### RAW DATA
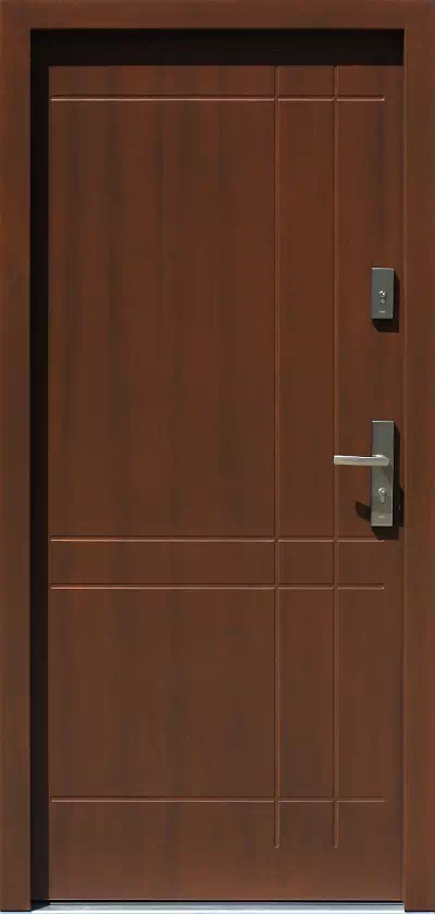 Pasuje zarówno do mieszkań w blokach jak i do domów jednorodzinnych wybudowanych w klasycznym jak i nowoczesnym stylu architektonicznym. Powyższy, przykładowy egzemplarz drzwi zewnętrznych został wymalowany na kolor: orzech.
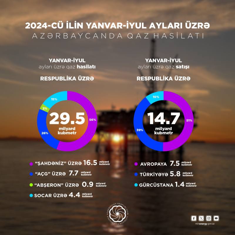 7 ay ərzində ölkədə təxminən 29,5 milyard kubmetr təbii qaz hasil edilib. Qazın 7,7 milyard kubmetri AÇG-dən, 16,5 milyard kubmetri “Şahdəniz”dən, 0,9 milyard kubmetri Abşerondan, 4,4 milyard kubmetri SOCAR üzrə hasil olunub. Ötən ilin müvafiq dövrünə nisbətən qaz hasilatında təqribən 1,3 milyard kubmetr artım qeydə alınıb.
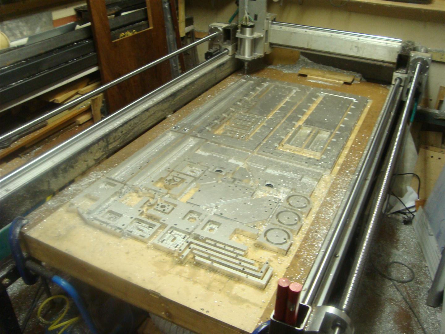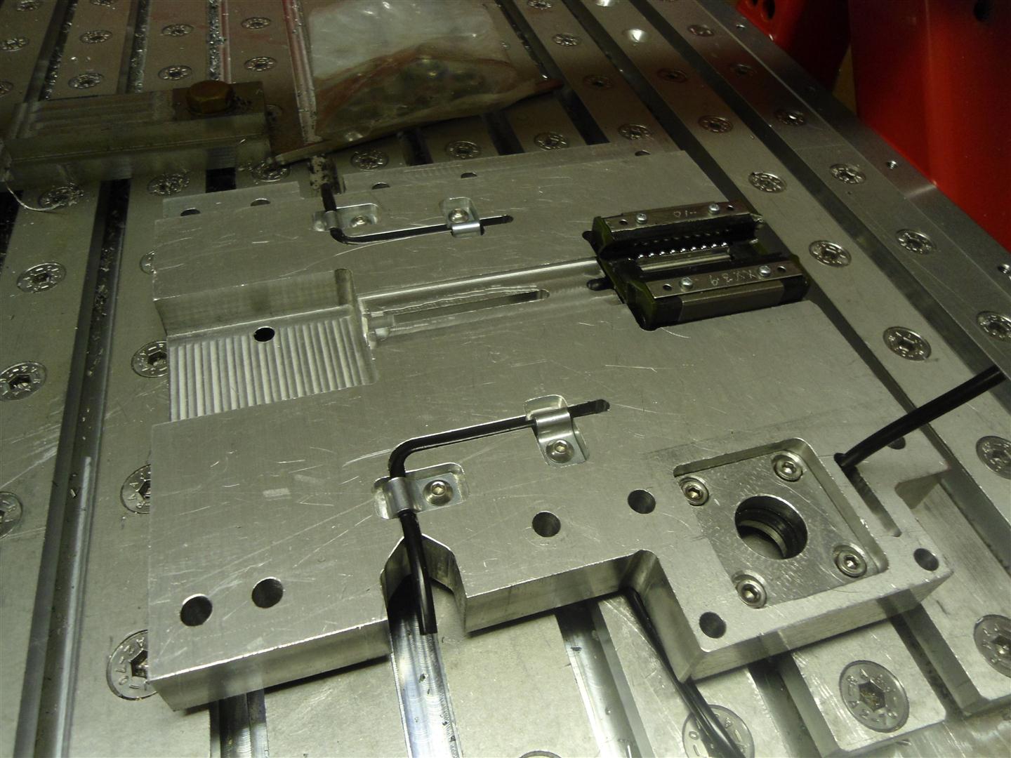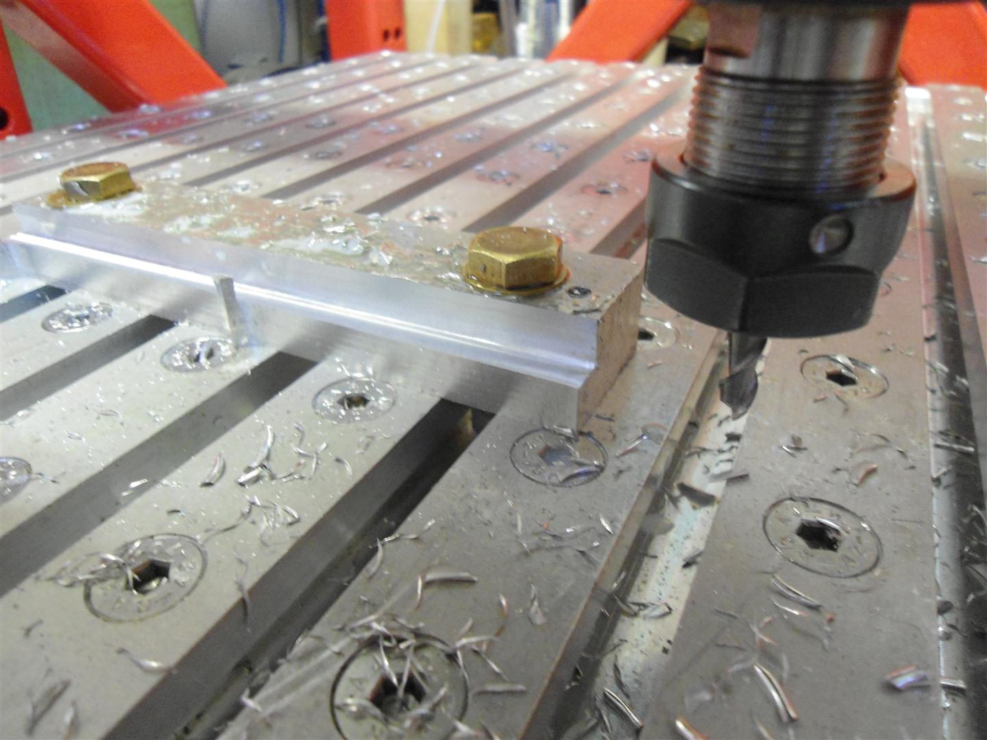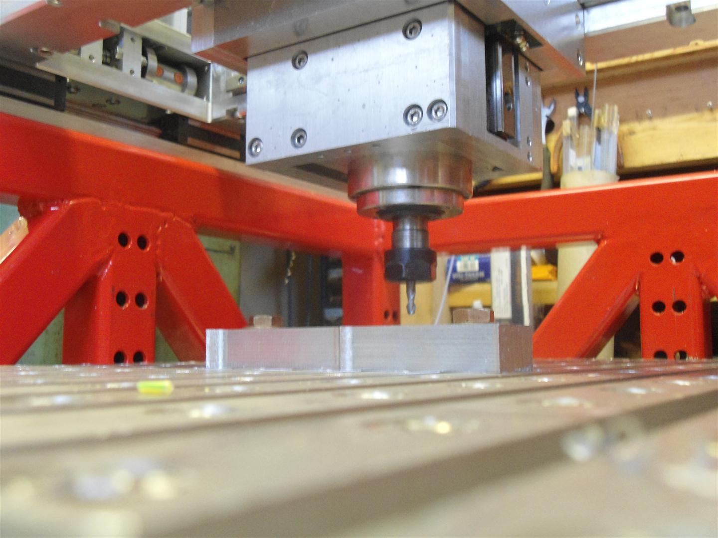 Before finishing the machine, I assembled the majority of it to find any problems or parts that would need altering. This gave the opportunity to test cutting something, so I put an offcut of 20mm 6082-T6 aluminium plate on the bed:

### PROBLEM TO SOLVE
Only the pictures are dropped. Otherwise, write out the listing exactly.

### WRITTEN SOLUTION
 Pasuje zarówno do mieszkań w blokach jak i do domów jednorodzinnych wybudowanych w klasycznym jak i nowoczesnym stylu architektonicznym. Powyższy, przykładowy egzemplarz drzwi zewnętrznych został wymalowany na kolor: orzech.
 7 ay ərzində ölkədə təxminən 29,5 milyard kubmetr təbii qaz hasil edilib. Qazın 7,7 milyard kubmetri AÇG-dən, 16,5 milyard kubmetri “Şahdəniz”dən, 0,9 milyard kubmetri Abşerondan, 4,4 milyard kubmetri SOCAR üzrə hasil olunub. Ötən ilin müvafiq dövrünə nisbətən qaz hasilatında təqribən 1,3 milyard kubmetr artım qeydə alınıb.
 Before finishing the machine, I assembled the majority of it to find any problems or parts that would need altering. This gave the opportunity to test cutting something, so I put an offcut of 20mm 6082-T6 aluminium plate on the bed:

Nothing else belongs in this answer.